Beer, the time honored tradition and testament to physical activity, outdoor work, and outdoor play. However lugging along a 32 pack of bottles to your favorite 3 mile walk-in site on the sandy bluffs overlooking the Pacific does not sound like the best idea to most people. Not to mention if you live in a state (ahem, California) that places a Mexico-style, per bottle/can, refundable recycling tax on each bottle. However, there is a better way that will allow you to drink good local craft beer while camping, but without the extra weight and without the bottle tax, and it is called a growler.
If you live in a city with a decent sized population you likely live near at least one local craft/micro brewery that produces beer that is far better than Budweiser (no offense if you happen to like Bud, its just not my beer of choice). Most of these breweries will sell you what is called a Growler by the beer pros. A growler is a half-gallon of beer sold in the brewery’s own large jug. Often you will pay extra for the first fill to cover the cost of the jug, but each subsequent refill is just at the cost of the beer, which is usually at a reduced price over buying it by the pint in their fine establishment.
The benefit of camping with growlers, especially at walk-in sites or pack-in/pack-out sites, is that you can carry a larger amount of beer with less weight, hassle, and at a lesser cost.
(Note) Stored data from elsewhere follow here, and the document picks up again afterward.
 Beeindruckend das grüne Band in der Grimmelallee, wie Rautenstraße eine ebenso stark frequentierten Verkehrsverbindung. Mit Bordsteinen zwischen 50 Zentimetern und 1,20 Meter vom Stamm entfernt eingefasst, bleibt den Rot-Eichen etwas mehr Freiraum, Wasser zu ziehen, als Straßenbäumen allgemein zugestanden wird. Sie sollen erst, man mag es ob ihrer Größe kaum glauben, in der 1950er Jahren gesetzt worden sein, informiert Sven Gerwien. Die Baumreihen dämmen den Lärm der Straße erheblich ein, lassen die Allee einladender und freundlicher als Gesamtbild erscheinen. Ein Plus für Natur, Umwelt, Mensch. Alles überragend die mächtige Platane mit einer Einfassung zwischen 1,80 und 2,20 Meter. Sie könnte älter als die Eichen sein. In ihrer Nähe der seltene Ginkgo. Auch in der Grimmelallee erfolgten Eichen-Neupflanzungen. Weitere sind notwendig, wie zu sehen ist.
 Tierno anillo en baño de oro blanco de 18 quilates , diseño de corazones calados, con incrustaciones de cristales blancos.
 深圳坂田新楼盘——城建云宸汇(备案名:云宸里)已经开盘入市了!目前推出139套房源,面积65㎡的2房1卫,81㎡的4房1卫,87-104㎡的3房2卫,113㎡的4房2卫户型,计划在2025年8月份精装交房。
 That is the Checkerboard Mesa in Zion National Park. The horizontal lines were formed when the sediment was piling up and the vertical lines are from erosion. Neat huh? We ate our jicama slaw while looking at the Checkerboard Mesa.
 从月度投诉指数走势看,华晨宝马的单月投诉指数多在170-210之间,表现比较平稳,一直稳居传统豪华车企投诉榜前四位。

I have found that growlers to be so much easier to deal with when camping and save so much money that I will only bring these when camping from now on, and not to mention the environmental benefits of not using all of those bottles and cans.
One of the questions that you may be asking yourself is how do you keep the growler cold while camping. That is a fair question, and the answer comes in two words: Growler Cooler. Growler Coolers come in a few varieties, and most craft/micro breweries sell their own branded growler coolers too. The most common growler coolers are ones where the bottle is zippered in from the top and is completely insulated from the elements similar to this one:
However, there are also some other varieties that cover most of the bottle, but not the neck of the jug, such as this one:
And then there are the ultimate double growler coolers, which I have never personally used, but am interested in trying out:
Regardless of what type of growler cooler you may have, the best way to keep your growlers cool is to rotate them into the ice chest that you are keeping your food in (if you are camping with an ice chest). In fact, if I am camping with a cooler and growlers, I will often rotate my growlers between my growler carriers and the cooler prior to drinking from them. In the end the growler cooler may not even be required if you have enough room in your food cooler.
Remember kids, drinking beer is great, drinking cold beer on the cheap without breaking your back is legendary!